### WHAT IS BEING ASKED
Exactly the lines from the line that has "Afgelopen dinsdag was" through the final line below are to be retyped, and the pictures are not.

### DATASET EXCERPT

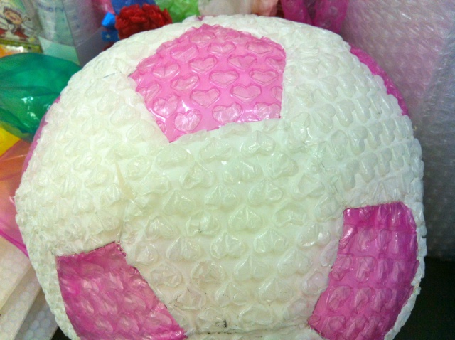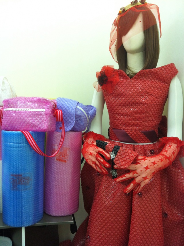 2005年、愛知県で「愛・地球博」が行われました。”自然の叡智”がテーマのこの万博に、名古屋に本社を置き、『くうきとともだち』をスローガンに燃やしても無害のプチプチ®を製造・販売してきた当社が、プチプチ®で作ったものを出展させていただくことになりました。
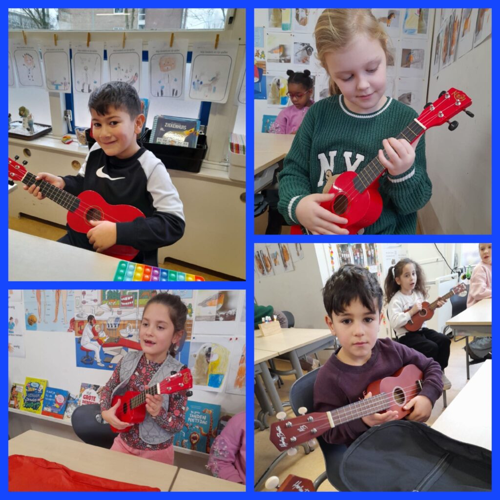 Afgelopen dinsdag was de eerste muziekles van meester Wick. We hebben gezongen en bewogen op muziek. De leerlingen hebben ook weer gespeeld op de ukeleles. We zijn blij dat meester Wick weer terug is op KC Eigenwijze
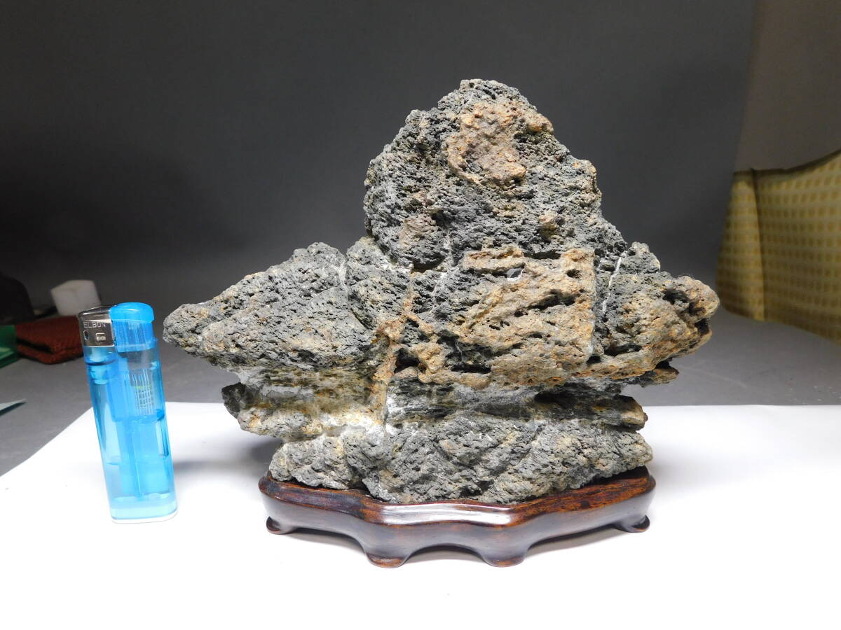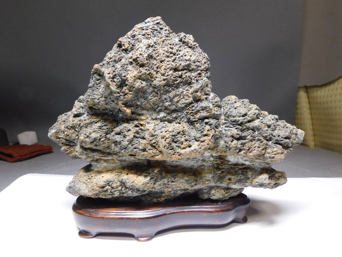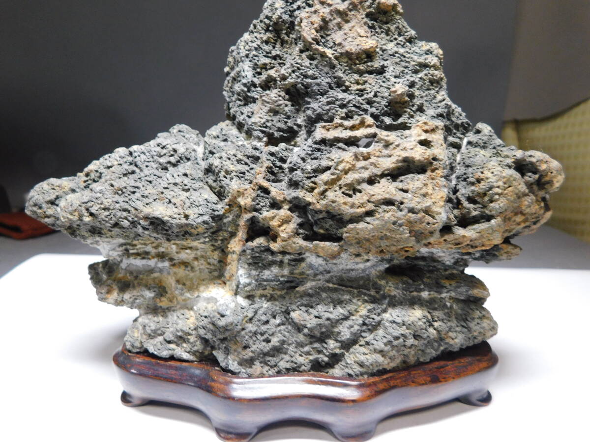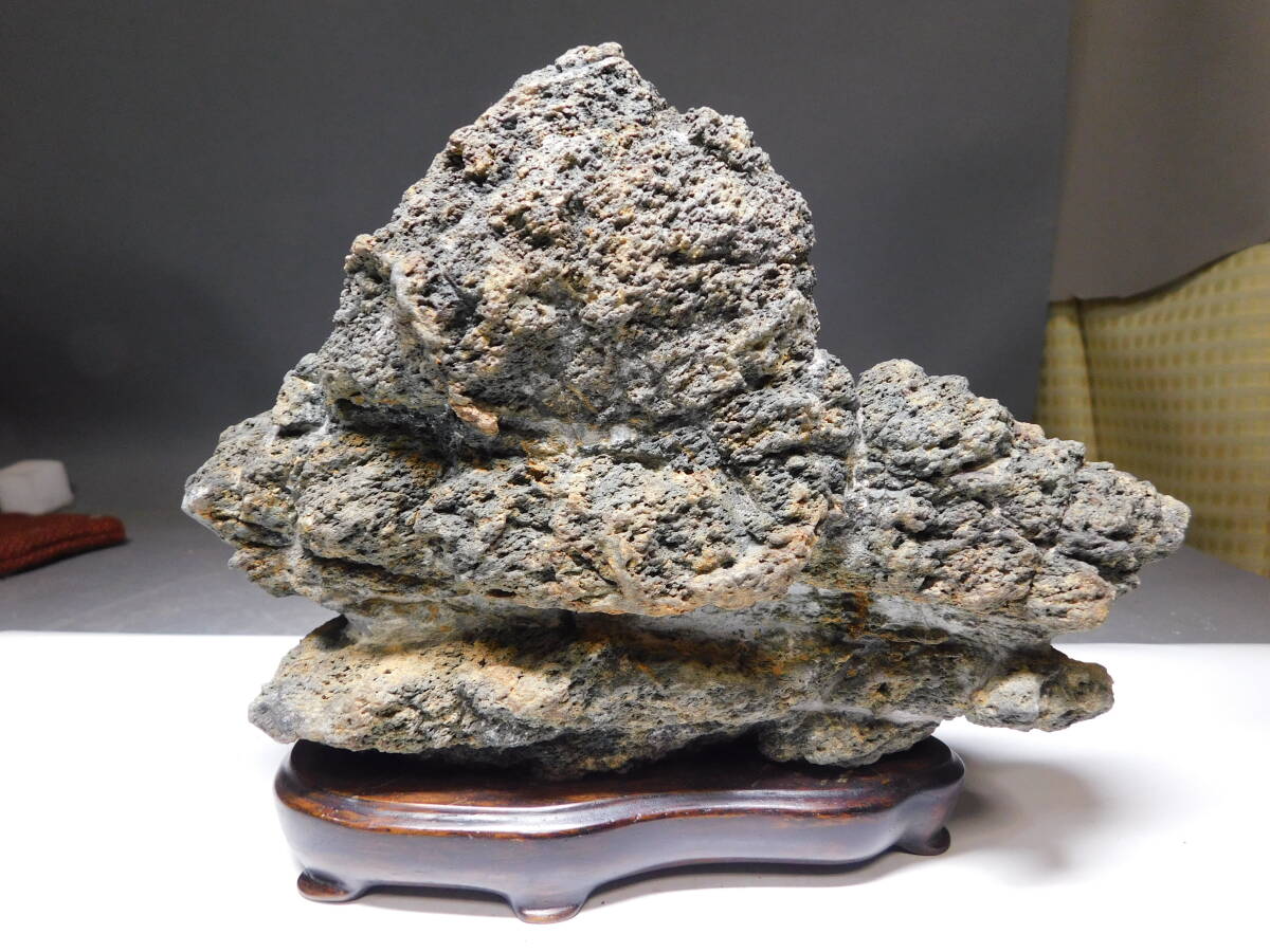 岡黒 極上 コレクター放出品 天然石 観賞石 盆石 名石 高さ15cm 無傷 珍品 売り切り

### RESPONSE AREA
 Afgelopen dinsdag was de eerste muziekles van meester Wick. We hebben gezongen en bewogen op muziek. De leerlingen hebben ook weer gespeeld op de ukeleles. We zijn blij dat meester Wick weer terug is op KC Eigenwijze
 岡黒 極上 コレクター放出品 天然石 観賞石 盆石 名石 高さ15cm 無傷 珍品 売り切り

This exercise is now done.